No it would not be a good hedge. Local home prices are based on local income unlike gold, for example, which is not based on local income, but rather global demand. There is no guarantee that your home value will increase when the dollar collapses, meaning weather the dollar collapses or not, your home is still worth the same amount. Therefore you are taking a loss in real terms. Gold, and large cap international stock with good steady dividends are much safer bets and more liquid as well. US treasuries notes used to be a good safe bet, but if we are talking about the collapse of the dollar then maybe that would not be a good idea. Wealth preservation is getting harder in this environment.
“Local home prices are based on local income”

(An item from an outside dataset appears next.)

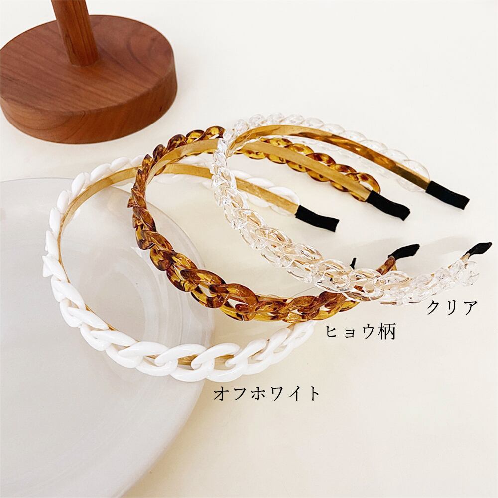 存在感のある太めのサイズ感で、いつもの髪型もつけるだけでぐっとオシャレに仕上げるアクリルチェーンモチーフのカチューシャです
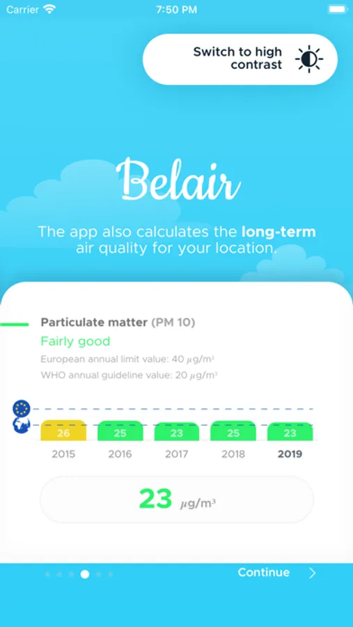 The BelAIR app not only gives an idea of the day-to-day (or sometimes even hour-to-hour) variation in air quality at a location at the moment, but also gives an idea of the air quality in the long term. The annual average concentrations for a location are compared with the European limit values and the World Health Organisation's health advisory values. This gives an idea of the long-term impact of air pollution on health.

There’s really only one exception to this and that’s for communities where the average homeowner is already wealthy and doesn’t depend upon a job for his sustenance. Thus, certain places like Bel-Air, the Hamptons, etc, will hold onto their value, as the well off need to congregate in safe areas, but for ordinary worker bee suburban sprawls, forget about it. Those will also experience long term deflation and in some overbuilt ex-burbs, even vacant developments with drug dealers moving in.
No, that’s a trap for suckers who only look at things superficially, and don’t see the entire picture of what’s going on.
First, the dollar isn’t going to be worthless any time soon. It will remain the Reserve currency. Yes, it will implode. All fiat currencies destruct. But first, Europe needs to collapse. Then, you’ll have a collapse of credit in the US. And THEN you can start watching for the collapse of the dollar. But that credit collapse is a HUGE hill that you need to surmount, and many will not be able to.
Credit is imploding, and has been for the past 3 years. This is bigger than the dollar. The money supply is almost entirely credit, and not currency (about 95% of it is credit). This has been collapsing since 2008, and no amount of QE has offset this. Nor can it without screwing things up in worse ways.
Having a mortgage during a credit collapse is like having a millstone tied around your feet. Cash is king during this time, and debt becomes extremely expensive. A 3% mortgage, when prices are going down 10% a year means effectively a 13% mortgage. This is during a time when you need cash the most. And prices will continue to collapse, since credit drives everything in our economy, from jobs, housing prices, and even delivering food to the stores where you buy it from.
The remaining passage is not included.